I’m testing restic 0.9.4 as a possible solution for backing up relatively large collection of files (a server users’ home directories and research data files) to a remote storage via sftp backend. The data size of both, the remote restic repository and the original collection, is about 250GB. There is ~50K files in the repository and ~780K in the original collection. Both, my server and the remote storage site, run CentOS 7.
I’m fully satisfied with the backing up process (really decent performance!). However, restoring data raises questions. In my first test I tried to restore a 3.3GB, ~400 files (sub-)directory tree (a small subset of the original collection):
it took 24min, thus, the average data transfer rate was only 2.2MB/s. The network link performance between the local server and the remote storage site is 30-40MB/s (experience of routinely using it) and the test was repeated multiple times. So, 2.2MB/s is not a random drop in the link performance.
In the following up tests I moved the repository around: put it on another local server and 2 more remote sites located at different distances (so network latency varied from 0.05ms to 50ms). Then, I restored the same subtree on the same server with the command above just varying the remote repository and cleaning up /scratch directory before each test. Here is my results:
latency to the test (restore) Avg.data transf.
repository host time rate
0.05ms(local host) 53s 60MB/s
1ms 130s 25MB/s
50ms(orig.test) 1450s 2.2MB/s
50ms(anoth.site) 1490s 2.2MB/s
Each test was repeated multiple times to ensure that the results are reproduced. So, it looks like it’s a feature of restic to slowdown with the distance to the repository location (in terms of network lag). Is that right ? Or should I look for other reasons of the poor restic restore performance for the far (50ms) sites ?
Poor restore performance is a known issue and has been discussed in Github issue #2074. @ifedorenko opened Pull request #2195 which should greatly improve the restore performance. Unfortunately this Pull request hasn’t been merged yet, so you either need to build restic yourself or wait for @fd0 to find some time to review the Pull request.

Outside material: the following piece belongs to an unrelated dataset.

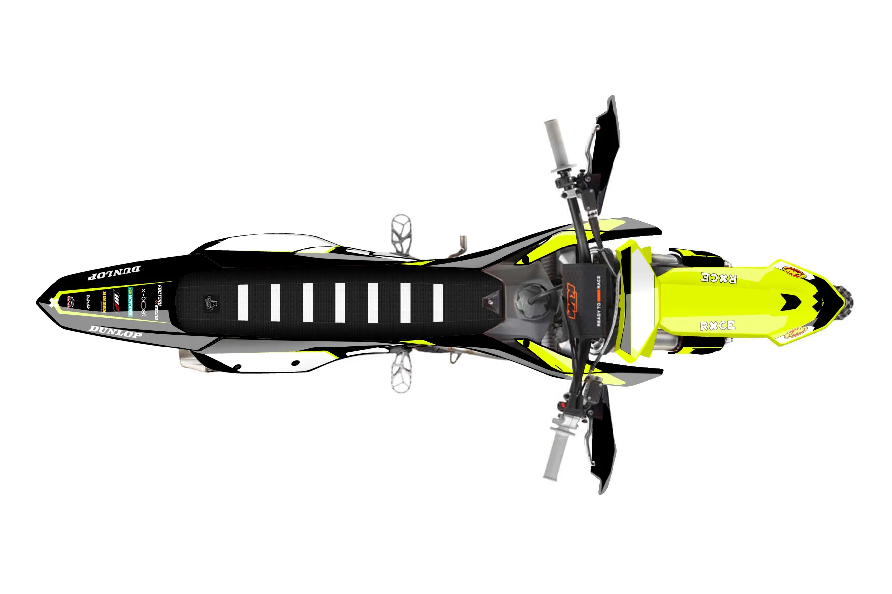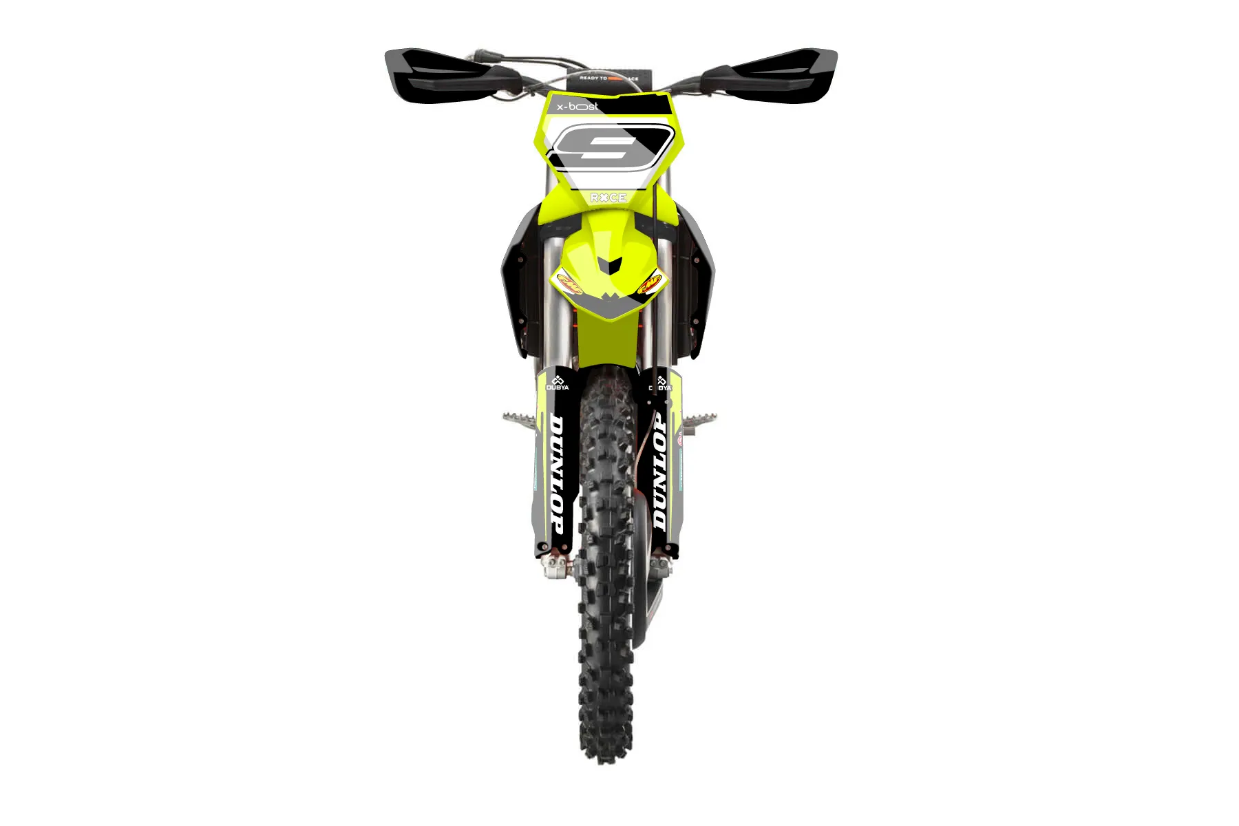 «Lucent Neon» — готовый комплект графики серии Flow для KTM Offroad Graphic Kit KTM XC-F 450 2023. В комплекте: графика на бак и боковые облицовки, крылья (переднее и заднее), передний щиток, номерные таблички, защита вилки. Материал: ПВХ-винил 80 мкр с холодной ламинацией 300 мкр, общая толщина 380 мкр; покрытие глянцевое или матовое на выбор. Устойчив к UV-излучению, воде, бензину и мойке высокого давления. Клей акриловый на сольвентной основе — постоянный, для гибких пластиков. На простых поверхностях монтируется без нагрева; для сложных изгибов рекомендуем фен. Этот пресет можно заказать как есть или взять за основу в конструкторе: поменять цвета, добавить стартовый номер и свой бренд. Производство — 3–5 рабочих дней, доставка по России СДЭКом или Почтой, по СНГ — курьерскими службами.

@d_v_v do you think you can test PR #2195, ideally with different numbers of restorer workers? I only tested with http-based repositories and don’t really know what to expect from sftp.
Somehow, reading the forum I got the impression that improvements regarding restore function has been already implemented in 0.9.4 release. And I did observe that files were restored in parallel.
This is correct, 0.9.4 restore is expected to work fast in most cases. The only known exception is restore of very large files (hundreds of of megabytes), which PR #2195 is meant to improve.
Hm! Then, It’s probably not going to help. In my restore sample the average file size is 3300M/400=~8M, the maximum file size is ~200M (there is very few of them).
I’ll try it anyway.
My impression was that during the restore operation restic makes the decision what chunks/packs to download next based on recently downloaded chunks. This would explain why the transfer speed drops with network latency. Roughly speaking, restic (my guess) has to download a group of packs, examine them, then it will know what packs to download next. At each such step network lag would introduce an extra delay.
For tree objects, yeah, this is the case. The trees list out directory contents, which includes tree IDs for subdirectories as well as blob IDs for files. If your backups have a lot of directories then there’s more round-trips to fetch them.
Here are new results. $ git clone https://github.com/ifedorenko/restic.git ./restic2195 $ cd restic2195 $ git checkout out-of-order-restore-no-progress $ go run -mod=vendor build.go
repeated with different repos: $ time ./restic -r sftp:remote_host:path_to_repo restore latest --include path_to_subtree --verbose --target /scratch/
latency to the test (restore) Avg.data transf.
repository host time rate
1ms 101s 33MB/s (was 25MB/s)
50ms(orig.test) 144s 23MB/s (was 2.2MB/s)
50ms(anoth.site) 107s 31MB/s (was 2.2MB/s)
So, the change is impressive! I haven’t try different numbers of workers. As of my concerns it already works great.